Research and development on coffee hybrids in Hawai‘i accelerated with a diverse group of innovative partners: Dr. Chifumi Nagai, Hawai‘i Agriculture Research Center (HARC); Hawai‘i Coffee Growers Association (HCGA), under the direction of Kimo Faulkner; and Tom Greenwell and the team at Greenwell Farms. These forward thinking partners made a long-term commitment to create a true Hawaiian coffee varietal, one that’s found nowhere else in the world.

According to Specialty Coffee Association of America, arabica comprises approximately 70% of the world’s coffee production including Kona coffee, commonly referred to as “Kona Typica.” It is deeply rooted in Hawai‘i, having been introduced to Kona in the late 1800’s. The partners continue to place a high value on “Kona Typica,” yet they wanted to go further.

Coffee Variety development is a complex journey into the world of genetics. Breeding parents (genetic resources) are started from coffee trees that have been imported to Hawai‘i since 1950s. In 1999 Chifumi Nagai, plant breeder, HARC, made the first crosses for hybridization to combine desired coffee characteristics including tree and bean characteristics including bean size, flavor, and cupping characteristics that led to several different test hybrids. Promising trees from the hybrids at first and second generations (F1 and F2) were selected at Kunia and on Kaua‘i.

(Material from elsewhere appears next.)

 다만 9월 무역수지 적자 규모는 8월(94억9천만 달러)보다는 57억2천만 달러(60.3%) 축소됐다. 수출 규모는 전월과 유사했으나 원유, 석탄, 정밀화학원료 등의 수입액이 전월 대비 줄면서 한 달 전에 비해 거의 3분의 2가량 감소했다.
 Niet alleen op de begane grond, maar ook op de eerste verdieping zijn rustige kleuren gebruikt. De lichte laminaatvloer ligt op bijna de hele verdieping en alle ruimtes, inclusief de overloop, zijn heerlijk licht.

Greenwell planted hybrid varieties in 2009 from the breeding program that he thought would work best in Kona’s growing conditions, and committed to nurturing about 30 experimental varieties. Each tree was identified with a number and season after season. The trees and fruits were carefully watched and selected and the beans from selected trees were repeatedly cupped for flavor.

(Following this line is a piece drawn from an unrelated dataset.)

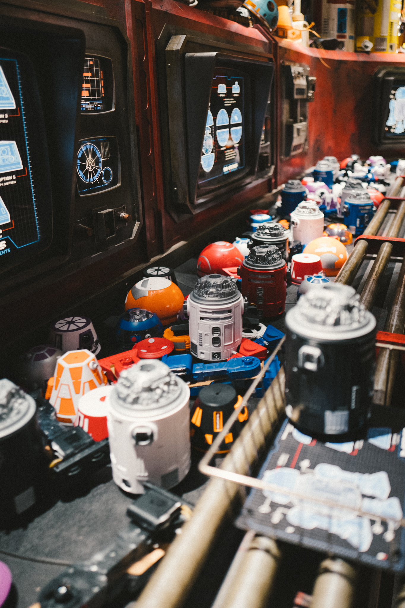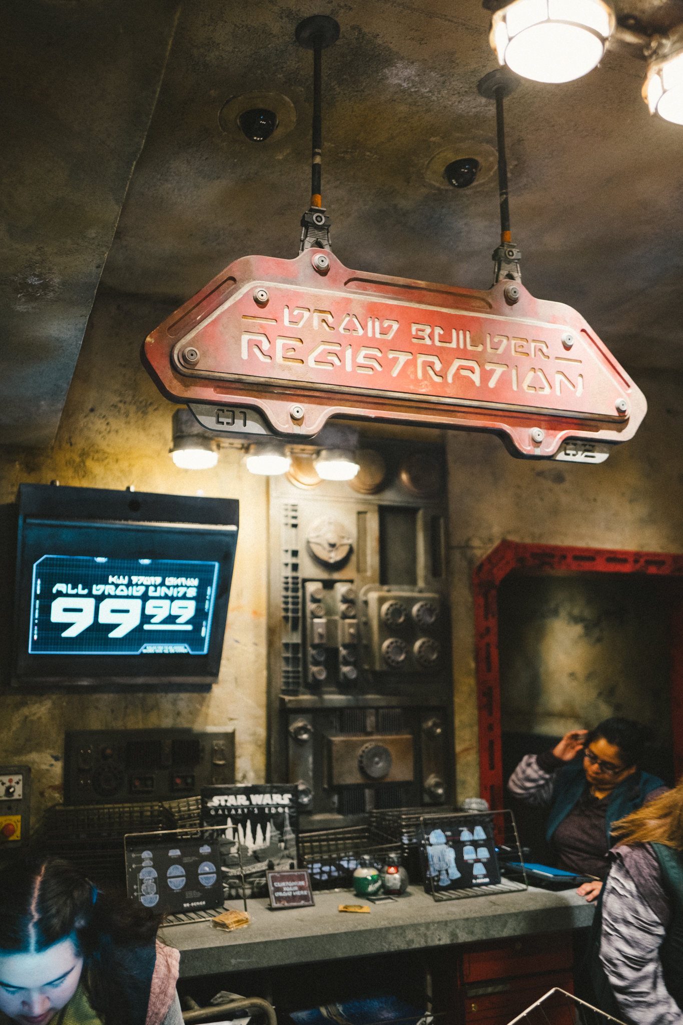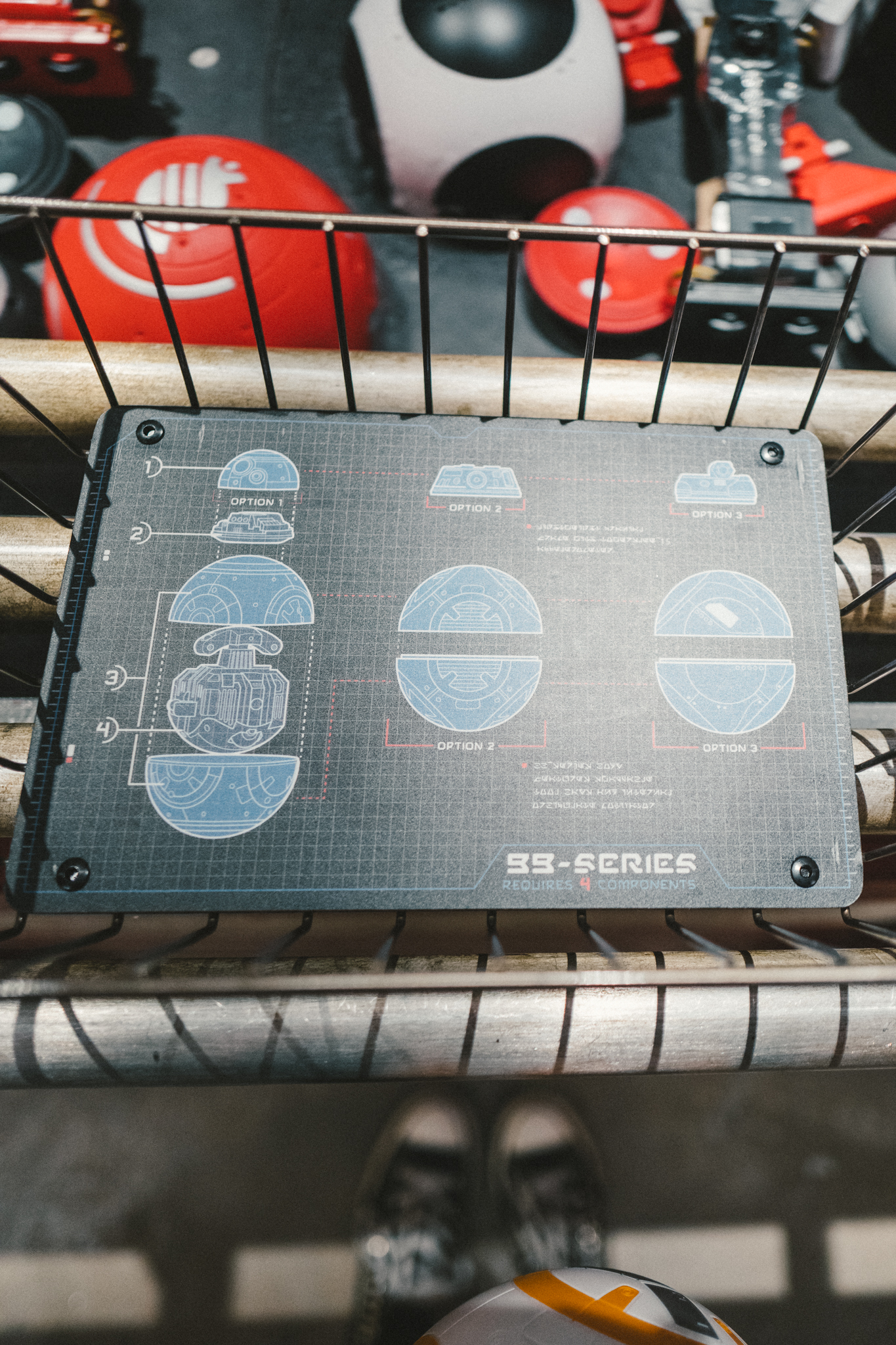 - After paying, builders get a basket to take to the conveyer belt full of Droid parts

“Our primary objective was cupping quality,” said Greenwell. “After the initial planting, we narrowed it down and chose to work with one variety, Mamo. We’ve taken Mamo to a fifth generation, about one generation away from having a pure strain.”


Mamo, originated from two distinctive Arabica coffee parent parents. was named for its mother, Maragogype, well known for producing big coffee beans, and its Brazilian father, Mokka, known for small beans with superior cupping quality that arrived in Hawai‘i between 1950 and 1960. In the coffee growing world, the name Mamo descends from its two origins. Serendipitously, Mamo means descendant in the Hawaiian language.

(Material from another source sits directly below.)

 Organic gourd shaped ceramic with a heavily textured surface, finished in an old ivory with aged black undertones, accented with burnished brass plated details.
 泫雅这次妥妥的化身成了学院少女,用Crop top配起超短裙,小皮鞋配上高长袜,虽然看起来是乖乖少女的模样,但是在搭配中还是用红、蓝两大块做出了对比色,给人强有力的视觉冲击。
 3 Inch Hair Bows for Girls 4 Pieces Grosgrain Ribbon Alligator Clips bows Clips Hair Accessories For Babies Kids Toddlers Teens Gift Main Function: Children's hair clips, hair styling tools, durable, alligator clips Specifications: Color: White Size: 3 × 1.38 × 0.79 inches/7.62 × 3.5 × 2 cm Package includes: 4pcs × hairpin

“Mamo is only grown in Kona. In coffee it takes over 20 years from the original hybrid cross coffee to  become a single variety—about five to six generations. For Mamo, it’s at the fifth and sixth (F5 and F6) generations at Kona, and the Mamo trees are very uniform and cupping is stable. So it’s ready,” noted Greenwell.

After nearly two decades of waiting patiently, this group of researchers, growers and funders has a winner. Mamo entered the world market in spring of 2017 where it is performing well, particularly in Japan where it is highly acclaimed.


“It’s the right combination of genetics, perfect growing conditions in Kona and the commitment to a long-term outcome that makes Mamo such an exciting unique variety,” said Hawaii Agriculture Research Center’s Chifumi Nagai.

Mamo Cupping Characteristics

Greenwell Farms’ first successful milling of Mamo occurred in 2014, now three years later the balance is superb. Coffee Quality Institute Q Graders Jennifer Greenwell and Chai Neo put Mamo through several strict cupping tests earlier this year. Qualified to cup and grade coffee based on the Specialty Coffee Association of America’s standards and methods, Greenwell and Neo evaluated Mamo for taste and aroma, and scored it between 84.5 and 85.5 (90 is the perfect score). With cupping scores in that range, they knew the bean was ready to compete.

“The extra notes that came out included slight spice, raisin, fruity with hints of cherry and blackberry, and we always picked up cacao,” said Neo. “The cup really blew me away and we really like it.”